Die Bildung von Plosiven v. a. /k/ können nur unter großer Zeitverzögerung gepresst gebildet werden, jedoch ist die neuromuskuläre Differenzierung zu den stimmhaft gebildeten Morphemen /g/; /d/; und /b/ artikulatorisch kaum möglich. Hier zeigt sich, wie wichtig das Loslassen für den Klangeffekt ist. Ebenso verhält es sich mit den Linguodentalen /m/; /s/; /d/; /t/; /l/;. Ebenso verhält es sich mit den Linguodentalen /z/, /d/, /t/ und /l/ und den Labialen /m/ und /S/. Apikale Zungenspitzenhebung, Kieferstabilität, Lippenformung und dosierte Luftstromlenkung sind koordinativ mitunter schwer beherrschbar. Folgerichtig ist durch die stark eingeschränkte diadochokinetische Bewegung im ganzen Artikulationsorgan die Vokalbildung mitbetroffen. Ansatzrohr und Zunge erschweren dabei die Vokalformung mehr als die ebenfalls gestörte Lippenfunktion.
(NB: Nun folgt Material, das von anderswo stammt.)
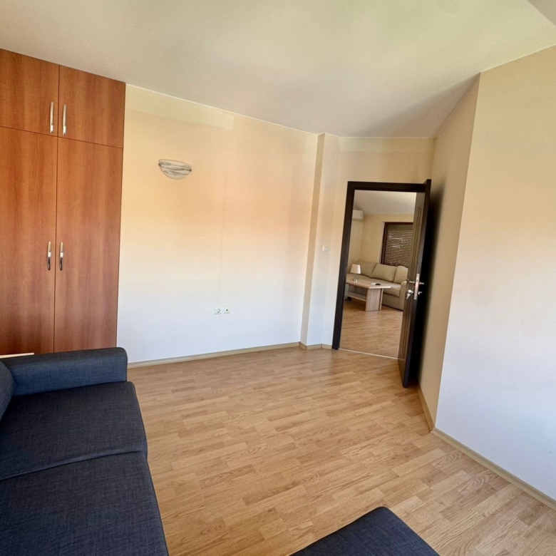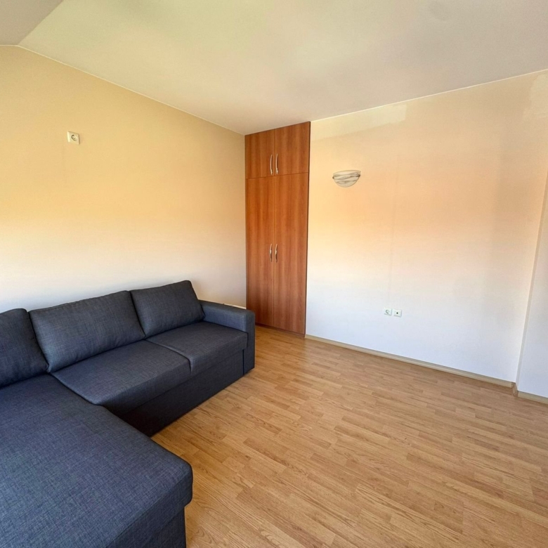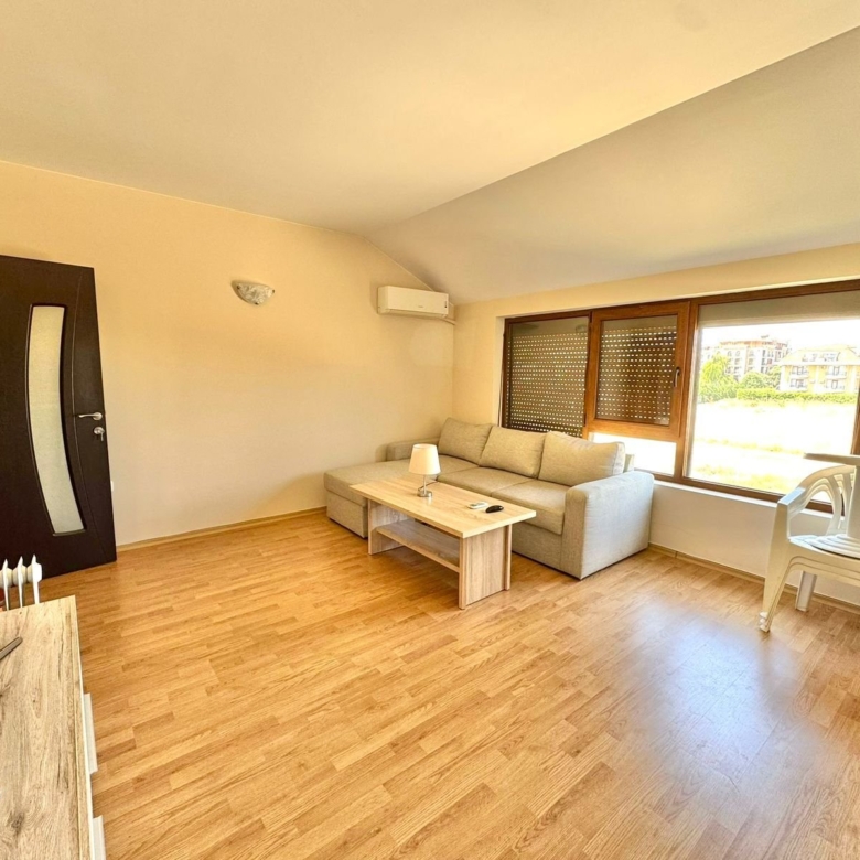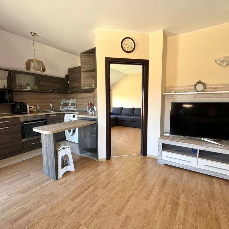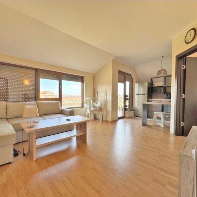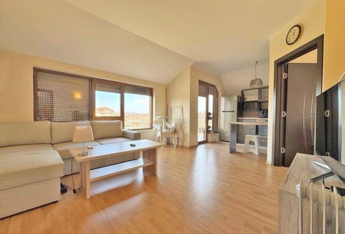 Two-room apartment in the modern Elitonia 2 complex in Ravda. The apartment is located on the 4th floor and has a living area of 59 m². It consists of a living room with a kitchen area, a separate bedroom, a bathroom, and a balcony overlooking the surrounding fields.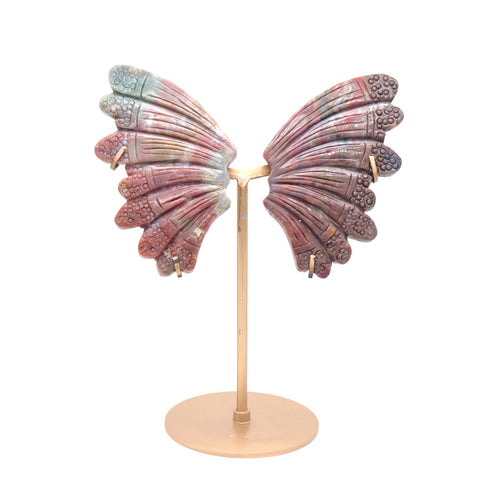 Natural Ocean Jasper Crystal Butterfly wings Quartz Healing + stand 1pc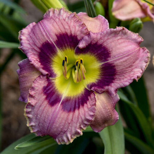One look at the soothing colors of ‘Always Afternoon’ and you can’t help but feel a bit more calm. The medium mauve blooms with a purple eyezone around a yellow throat are delicious to see, but the ruffled edges and excellent blue green foliage make this beauty one to remember! A popular and award-winning variety. Winner of both the 1993 Don C Stevens award for outstanding eyed or banded daylily and the 1997 Stout Medal – daylily’s highest award.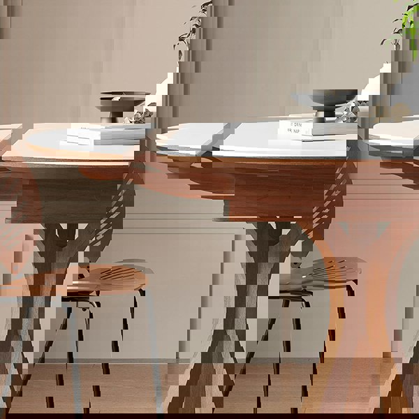 The Weilai Concept Caruso Round Extending Dining Table is a contemporary, modern piece designed for everyday dining with the flexibility of an extending top when you need extra space. Finished in a white and black colourway with walnut detailing, it brings a clean, considered look to a range of dining settings.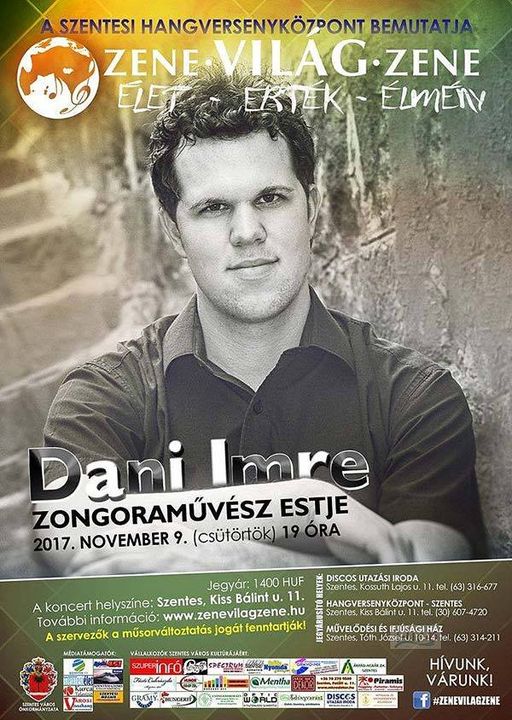 Egy nagyon fiatal és nagyon tehetséges zongoraművész, Dani Imre ad önálló koncertet, aki a csongrádi zeneiskola (tanára: Kocsis Csaba) után Szentesen Nagy János növendékeként nagy szorgalmával, tehetségével, de végtelen szerénységével már gyerekként kitűnt társai közül. Kétszer is 1. helyen végzett az Országos Szolfézsversenyen Debrecenben. Emlékszem, kamasz fiúként szinte szótlan volt, minden mondanivalóját a zongorázása fejezte ki.
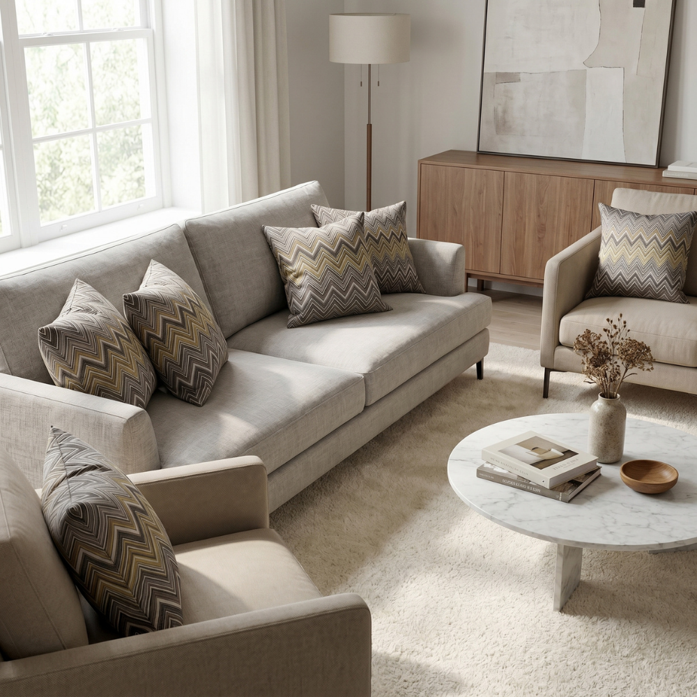 Minimal ve modern dekorasyonlarda güçlü bir tamamlayıcı olan bu yastık modeli, sade koltuklarda dikkat çekici bir vurgu oluşturur. Dengeli renk geçişleri sayesinde hem açık hem koyu tonlarla uyum sağlayan bu yastık, bulunduğu ortama zarif bir derinlik kazandırır.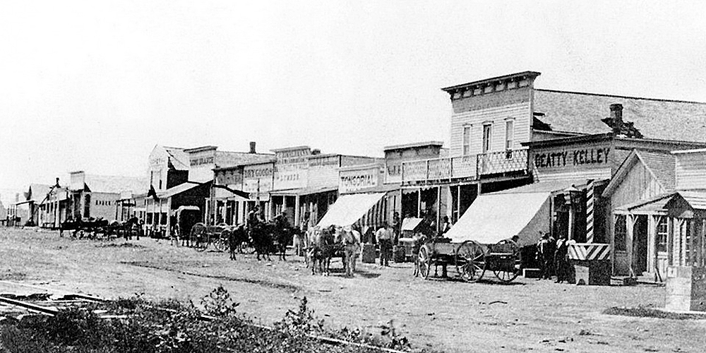 ダッジシティーは現在2万7,800人を抱える屠殺、牛肉パッケージ工場が主な産業の小都市だが、西部開拓時代にはその名を知られる西部の最前線だった。西部への幹線のサンタフェ・トレイルの主要中憩地だったし、鉄道がこの町まで来てからはテキサスからのロングホーン牛を東部に積み込む集積地になった。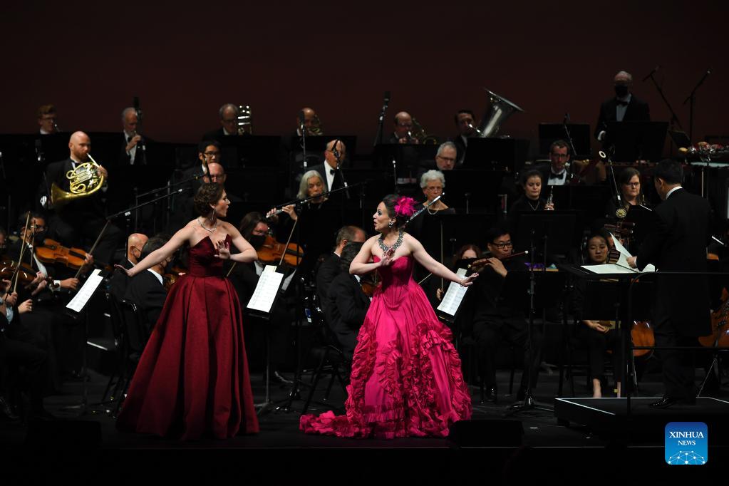 Soprano Esther Maureen Kelly (L, front) and coloratura soprano Holly Flack (R, front) sing during the concert "East/West: A Symphonic Celebration" at Lincoln Center in New York, the United States, Nov. 13, 2021. A concert held in New York City's Lincoln Center on Saturday night charmed the audience with multiple Chinese musical pieces. The concert is part of "Image China," a cultural exchange initiative presented by China Arts and Entertainment Group, which aims to introduce traditional and contemporary Chinese performing arts to audiences around the world. (Xinhua/Li Rui)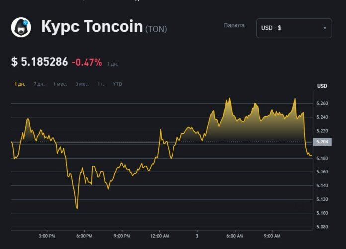 Сейчас цена токена вернулась к нормальному значению в ~5,20 доллара, хоть и упала на половину процента.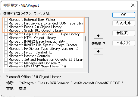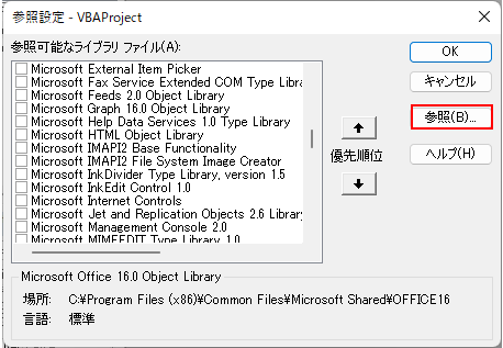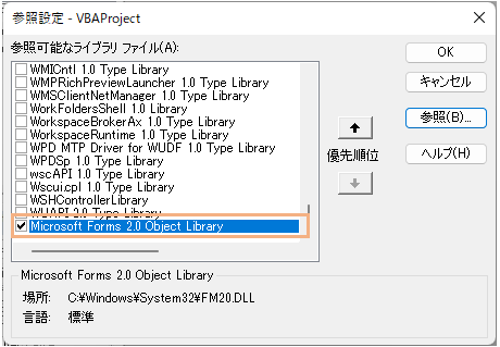「Microsoft Forms 2.0 Object Library」が一覧に表示されますので、チェックし「OK」をクリックします。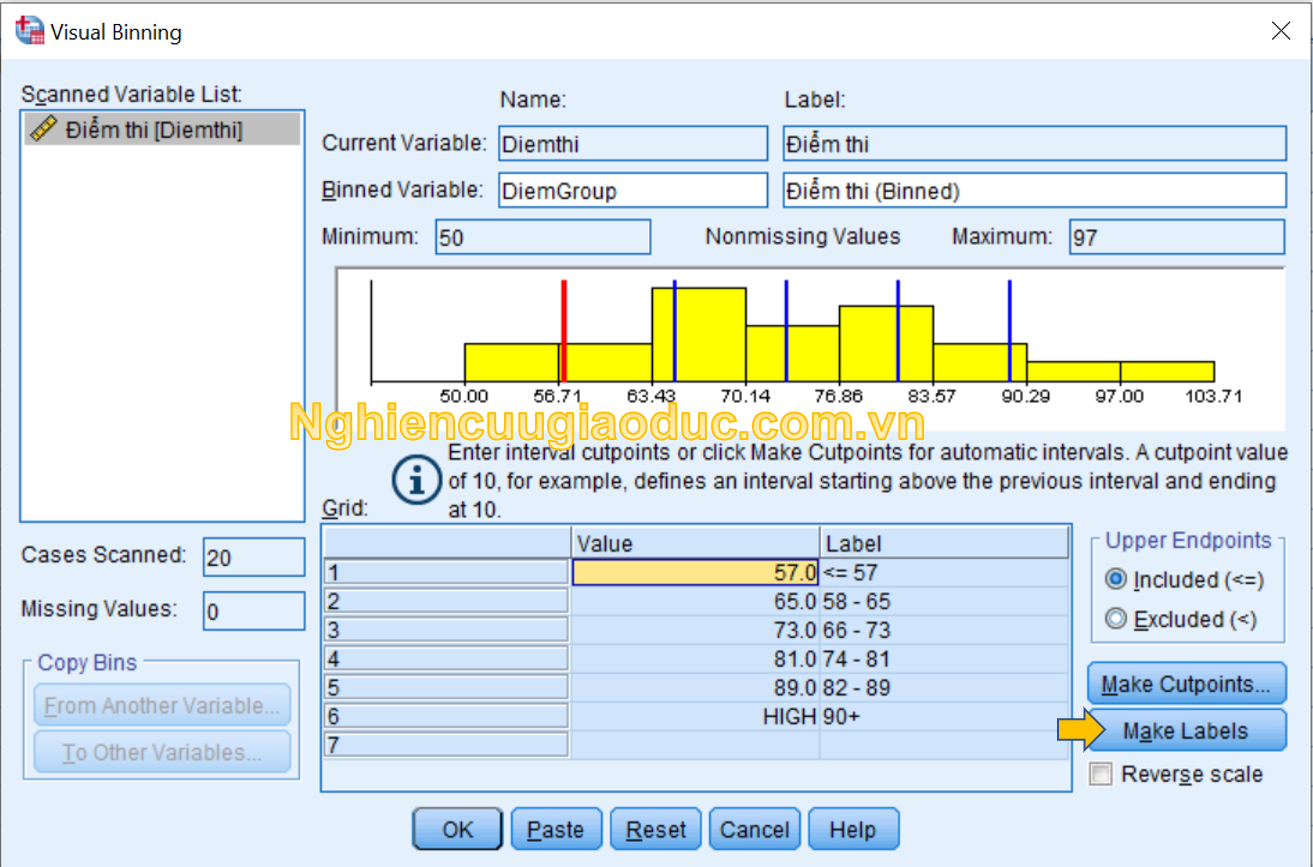 Sau đó nhấp Apply. Tại hộp thoại Visual Binning, bạn nhấp nút Make Labels để tạo nhãn của các khoảng lớp.

Wie in der Mimik können auch beim Lautieren die willkürlichen Funktionen mehr betroffen sein als die emotionalen. Hier bietet sich ein wichtiger Ansatzpunkt für die Therapie. Mit Artikulationsspielen wie Prusten, Lallen, evtl. Plappern und Gurgeln können einerseits gezielte orofaziale Bewegungsabläufe angebahnt und wiederholt werden, wie z. B. Mundschluß, dosierte Stimmgebung, Imitation von Lautmalereien. Andererseits werden dadurch die audiokinästhetischen Assoziationen gefördert.